もっと本質的なシンセサイザーとしての使い方です。

なので、昔で言えば8bitサウンド、ファミコン音楽、

テクノ音楽、最近で言えばperfumeの中田ヤスタカさんのサウンドのような、

ああいった音作りのための本です。






最近の流行りではシンセサイザーサウンドだけで構築されている音楽ばかりでなく、

バンドサウンドにプラスワンでパッドシンセが入ってたり、

ベースだけシンセベースだったりがとても多く、

そう言った音色を作るための最強教科書がこのシンセサイザーテクニック99というわけです!


まずはパート1を読む


順番に読む必要ないって言っておきながら申し訳ないんですが、

やっぱりパート1は最初に読んでくださいww

ここにはなにが書いてあるかというと、

シンセサイザーの基本、各種パラメーターの意味と役割です。

倍音ってなんだ?

オシレーターってなんだ?

矩形波とパルス波ってなんだ?

エンベローブってなんだ?

レゾナンスってなんだ?

LFOってなんだ?

FMってなんだ?

それらの説明が一通り書かれています。

そして重要なところはCDに音源が収録されていて、

これがサイン波です。

パルス波比率違いの聴き比べ、

フィルターでスウィープするとこんな感じ、

LFOでビブラート、トリル、ワウ、トレモロ、

などなど、文字だけではどうにもイメージのつかない音の世界を耳から理解することが出来ます。

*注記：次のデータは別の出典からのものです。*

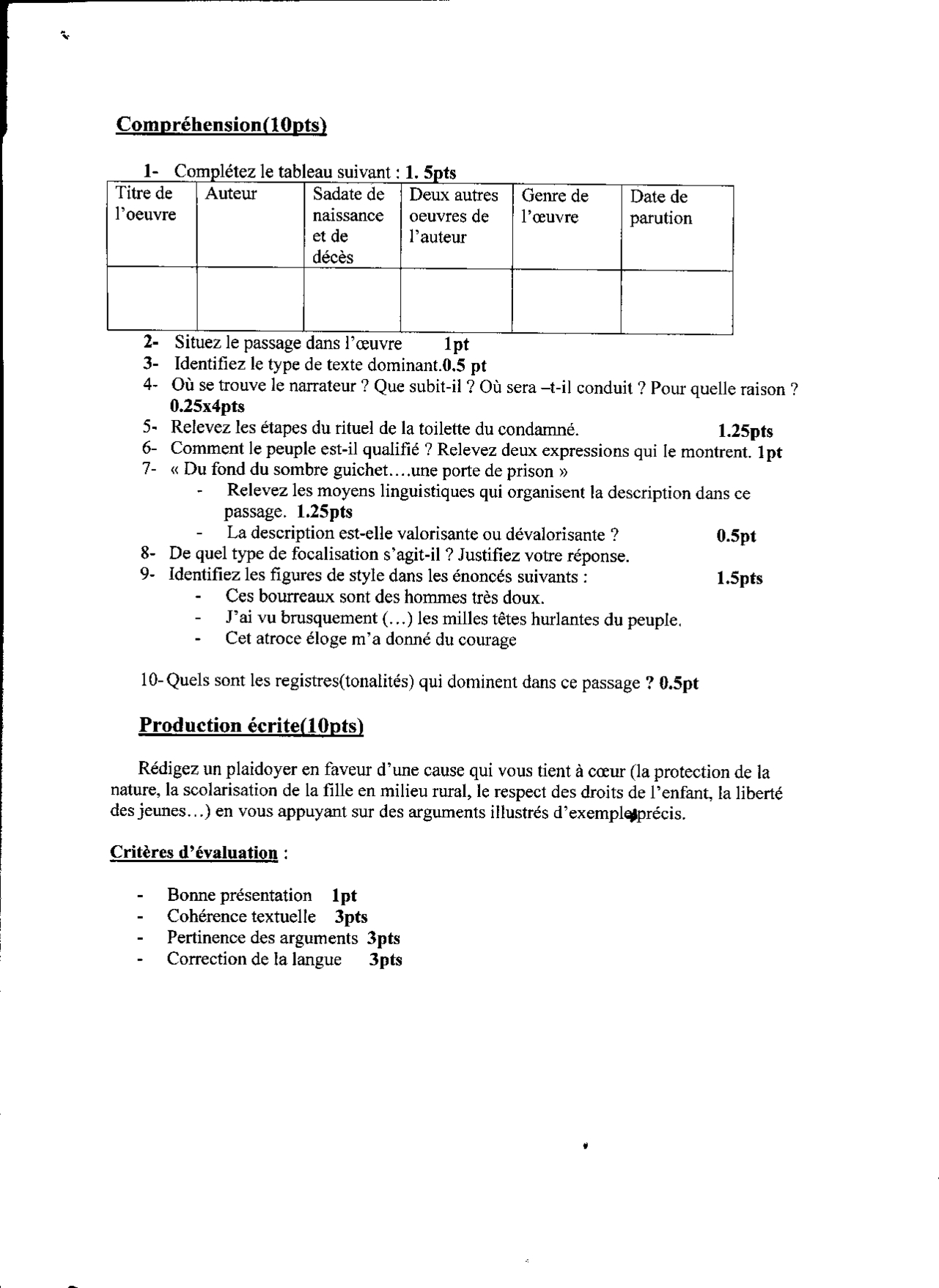 Français: 1er BAC Lettres et Sciences Humaines

というか、シンセサイザーの音作りの仕組みを音を聴かずに理解出来る人なんて誰一人いません。

これはどんなに音楽に詳しい人でも無理。

むしろ音波の物理学の話なんだから。

もちろん物理学者であっても話だけ聴いて音を正しく想像するのは無理!

なので、本だけ読んで訳がわからなくても心配しないで、

音聴いてけばだんだんわかるようになるから!

作りたい音をイメージする


パート2以降をじっくり読むのはよほど暇なときだけでいいです。

すぐにCDを聴きましょう。

で、今からシンセサイザーでの音作りで一番大事なこと言います。


ー作りたい音をイメージしようー


これです。

頭の中でイメージ出来てないのに音作りを始めるのはやめてください、

絶対いい結果にならないから。

シンセサイザーの面白さとして“偶然性”ってのもなくはないのですが、

その偶然だけを狙ってあれこれパラメーターいじったりするのは時間もかかるしあやふやな結果にしかなりません。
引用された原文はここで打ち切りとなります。